ギリシャで23日、大規模な森林火災が発生し、少なくとも49人が死亡した。過去10年以上で最も深刻な火災被害を受け、ギリシャ当局は国際支援を要請した。

地元当局者によると、アテネの北東40キロにある海沿いの観光地マティの1カ所で26人の遺体が見つかったと明らかにした。最も甚大な被害が生じているのがマティだという。

消防隊は死者数が少なくとも49人に上っているとし、犠牲者の多くが子供だとみられると述べた。かかってくる緊急電話の多くは、行方不明者の捜索を求めるものだという。

ビーチから人々を避難させるため、ボートやヘリコプターが使われている。当局者によると、森林火災からボートで避難した観光客10人を探しているという。

火災が起きている首都アテネの近郊では、多くの住民が避難している。消防当局は数百人態勢で消火にあたっており、国際的な支援を要請している。

ギリシャのアレクシス・ツィプラス首相は報道陣に対し、「火災を制御するため、可能な限り全力を尽くす」と述べた。

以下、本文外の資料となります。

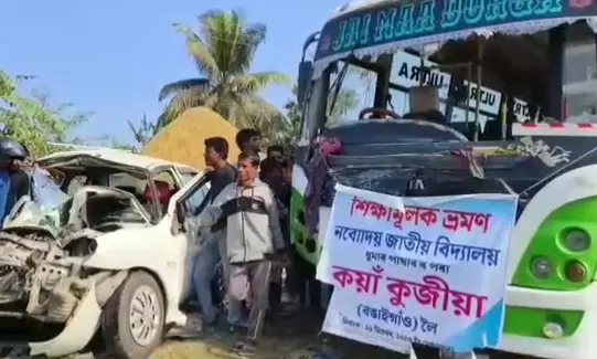 Barpeta, Dec 26: A tragic road accident took place in Kalgachia's Chariatpur area of Barpeta district on Tuesday when a school excursion bus collided with a four-wheeler.
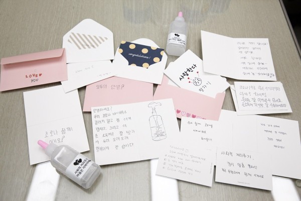 “안녕하세요? 우리 코로나 바이러스 걸리지 말고 잘 이겨냅시다. 그리고 이 손소독제를 잘 발라서 우리 오래오래 행복하게 잘 삽시다.” 라고 썼고,
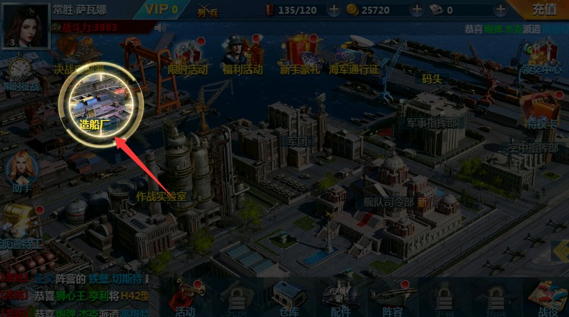 3、进入主界面点击造船厂功能区域进入,在此处可以设计与建造各类新型战舰舰船。
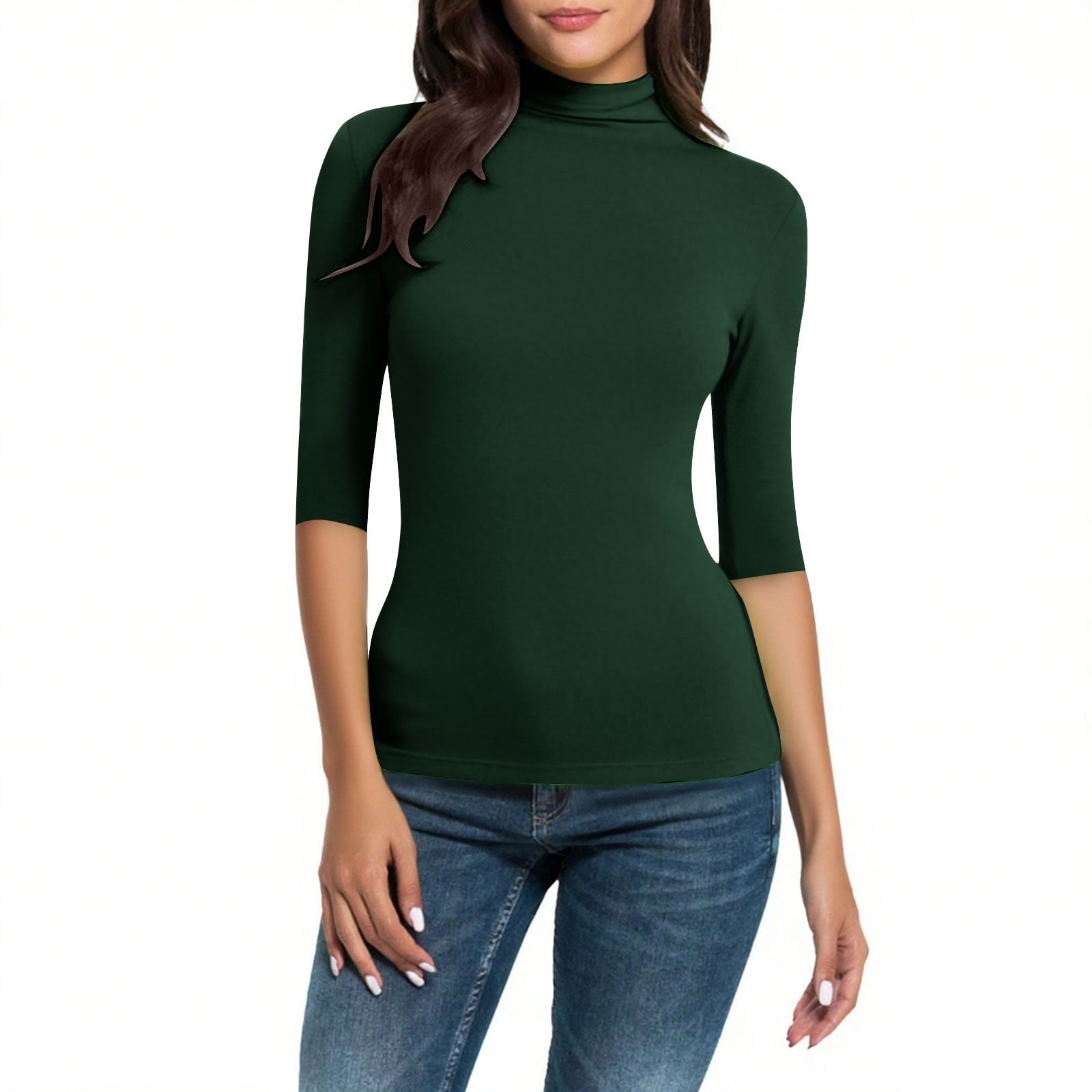 cocolona Womens Solid Color Turtleneck Half Sleeve Shirts Fashion

Image caption マティ(Mati)と首都アテネ(Athens)の位置

死者のほとんどはで火災に巻き込まれ、家の中、あるいは車の中で死亡したという。

カメラマンのパンテリス・サイタス氏は国営アテネ・マケドニア通信に対し、黒こげになった遺体が見つかった場所は海岸からわずか15メートルの位置だったと語った。

「この人たちは海の中に逃げ込もうとしていただろうが、炎にのみ込まれてしまった可能性が高い」とサイタス氏は話した。

この地域では、少なくとも150人が負傷した。

マティにいて遭難を逃れたコスタス・ラガノス氏は、「幸い海に入って、逃げられた。炎は水際まで追ってきていた」と語った。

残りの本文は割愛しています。